* Work order
Below, some lines carry pictures; leave those pictures out and retype exactly the lines from the one with "Vale destacar que" through the one with "A woman with".

* Source information
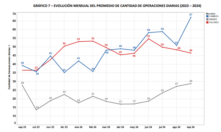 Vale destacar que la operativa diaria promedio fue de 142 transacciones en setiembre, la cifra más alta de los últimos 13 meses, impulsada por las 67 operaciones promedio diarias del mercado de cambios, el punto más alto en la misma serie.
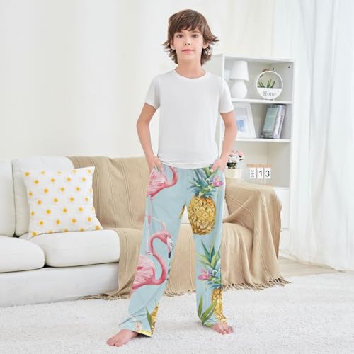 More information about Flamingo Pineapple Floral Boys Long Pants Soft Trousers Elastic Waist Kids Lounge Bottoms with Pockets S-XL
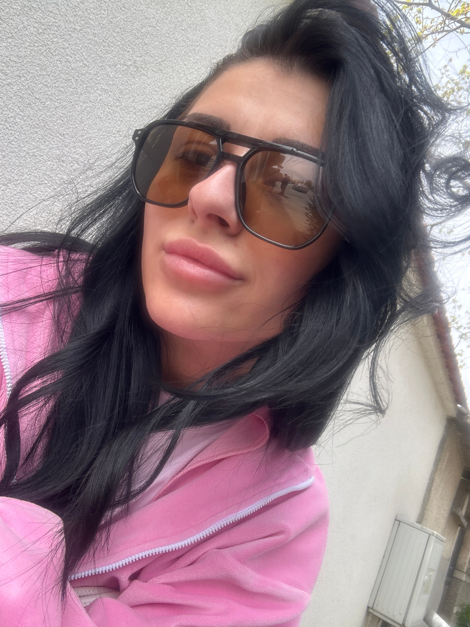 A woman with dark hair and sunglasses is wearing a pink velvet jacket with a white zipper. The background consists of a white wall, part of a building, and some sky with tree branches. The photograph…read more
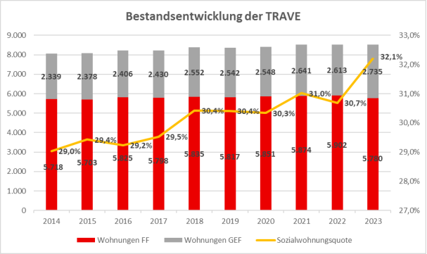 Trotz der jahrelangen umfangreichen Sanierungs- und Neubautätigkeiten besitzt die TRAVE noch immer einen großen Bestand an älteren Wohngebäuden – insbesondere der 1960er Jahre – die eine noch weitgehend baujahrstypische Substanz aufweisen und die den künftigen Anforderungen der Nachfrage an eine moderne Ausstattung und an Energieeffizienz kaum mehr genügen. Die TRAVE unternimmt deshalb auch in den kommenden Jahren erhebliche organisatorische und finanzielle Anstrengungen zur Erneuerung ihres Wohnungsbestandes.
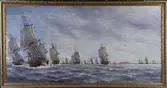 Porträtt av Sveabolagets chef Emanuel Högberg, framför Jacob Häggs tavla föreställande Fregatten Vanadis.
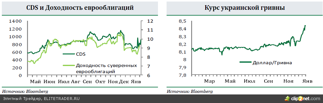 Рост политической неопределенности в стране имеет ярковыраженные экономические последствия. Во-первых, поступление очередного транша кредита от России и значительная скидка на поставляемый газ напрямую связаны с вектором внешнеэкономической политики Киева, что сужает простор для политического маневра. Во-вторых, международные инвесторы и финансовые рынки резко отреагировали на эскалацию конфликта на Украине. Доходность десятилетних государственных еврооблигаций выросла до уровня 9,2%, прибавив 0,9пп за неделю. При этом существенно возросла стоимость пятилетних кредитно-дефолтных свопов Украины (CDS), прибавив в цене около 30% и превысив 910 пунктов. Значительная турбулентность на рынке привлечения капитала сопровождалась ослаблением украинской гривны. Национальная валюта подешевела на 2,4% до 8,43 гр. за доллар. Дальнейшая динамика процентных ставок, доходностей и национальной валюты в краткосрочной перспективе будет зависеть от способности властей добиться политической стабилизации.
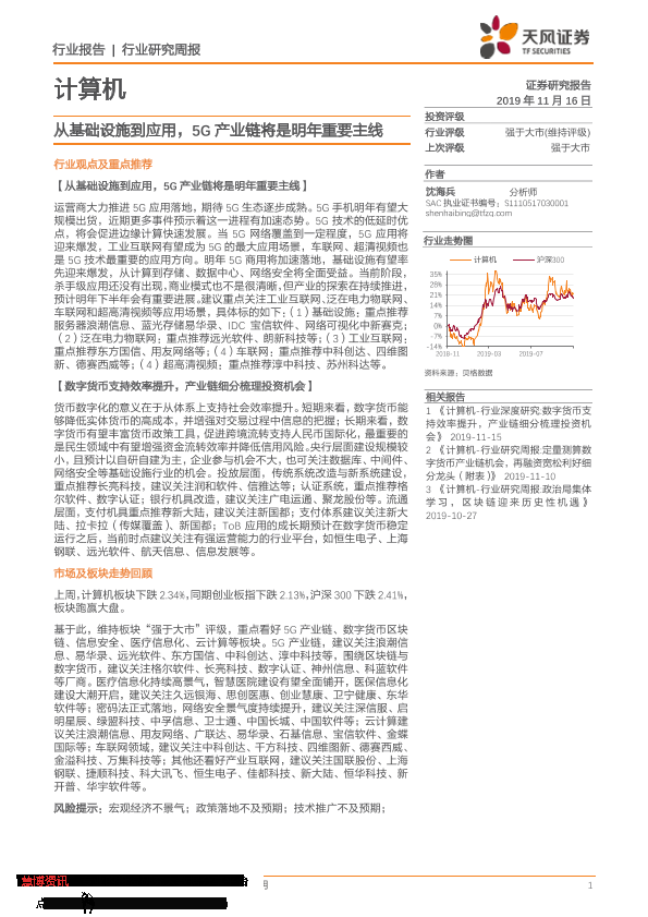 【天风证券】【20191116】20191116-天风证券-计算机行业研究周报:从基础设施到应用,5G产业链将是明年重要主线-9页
---
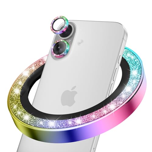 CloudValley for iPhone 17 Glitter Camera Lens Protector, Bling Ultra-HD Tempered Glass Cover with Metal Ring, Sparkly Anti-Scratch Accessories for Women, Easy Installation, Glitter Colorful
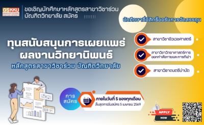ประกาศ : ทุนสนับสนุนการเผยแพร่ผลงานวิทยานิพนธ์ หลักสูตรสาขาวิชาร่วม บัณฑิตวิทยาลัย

* Response box
 Vale destacar que la operativa diaria promedio fue de 142 transacciones en setiembre, la cifra más alta de los últimos 13 meses, impulsada por las 67 operaciones promedio diarias del mercado de cambios, el punto más alto en la misma serie.
 More information about Flamingo Pineapple Floral Boys Long Pants Soft Trousers Elastic Waist Kids Lounge Bottoms with Pockets S-XL
 A woman with dark hair and sunglasses is wearing a pink velvet jacket with a white zipper. The background consists of a white wall, part of a building, and some sky with tree branches. The photograph…read more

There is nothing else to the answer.